The Worst Language School Ever: Shantou Jail

The English teaching racket has its fair share of horror stories. You get off the plane in a foreign country, and it turns out that those modern, lovely facilities you saw on the website were, hmm, from the web. I've heard plenty of these stories -- the Korean hogwans have a particularly bad reputation. I mean when you start with a name like that, what can you expect?

A recent news story, however, has me thinking that you can get a lot worse: A young Malaysian woman acting as a drug mule was captured at Shantou airport and, according to one of the articles, is currently passing her time in jail teaching English.

The stories -- through no fault of their own, they seem well done, especially for something as sensitive as this -- leave you with many questions. Why exactly would Shantou jail inmates be interested in learning English? Since no one in the history of the universe has ever been searched at the Shantou airport -- especially flying in -- who didn't the dealers pay off and therefore piss off and contribute to the ruination of this young woman's life?

Do the women actually know they are being used as drug mules?

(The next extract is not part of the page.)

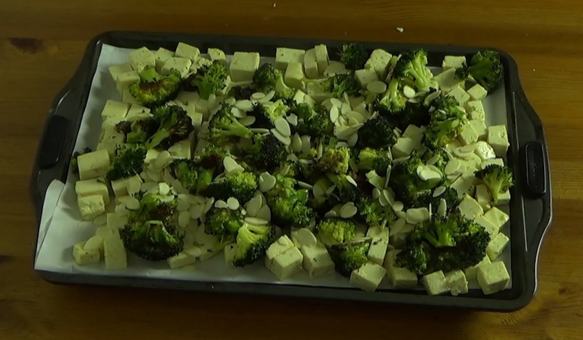 When the tofu has been cooking for 10 minutes, remove it from the oven and add the broccoli and slivered almonds on top.

The stories are ambiguous on this point, with some leaving you believing the women are naively unaware, and others with the impression that the women are reluctantly acquiescing to the pleas of men who have seduced them. In the end I guess it doesn't matter since they are going to jail and, barring some miracle, the grave for this offense.

One interesting point, made in Singapore's New Straits Times, is that the number of drug smuggling offenses committed by foreigners coming into Guangdong has tripled in the last couple of years. Somewhere, somehow, though we read nothing about it and it officially doesn't exist, there is a drug-dealing syndicate or two on the other side of Umi Lazim, the woman in Shantou jail, who will turn 24 years old in a couple of days on January 4th.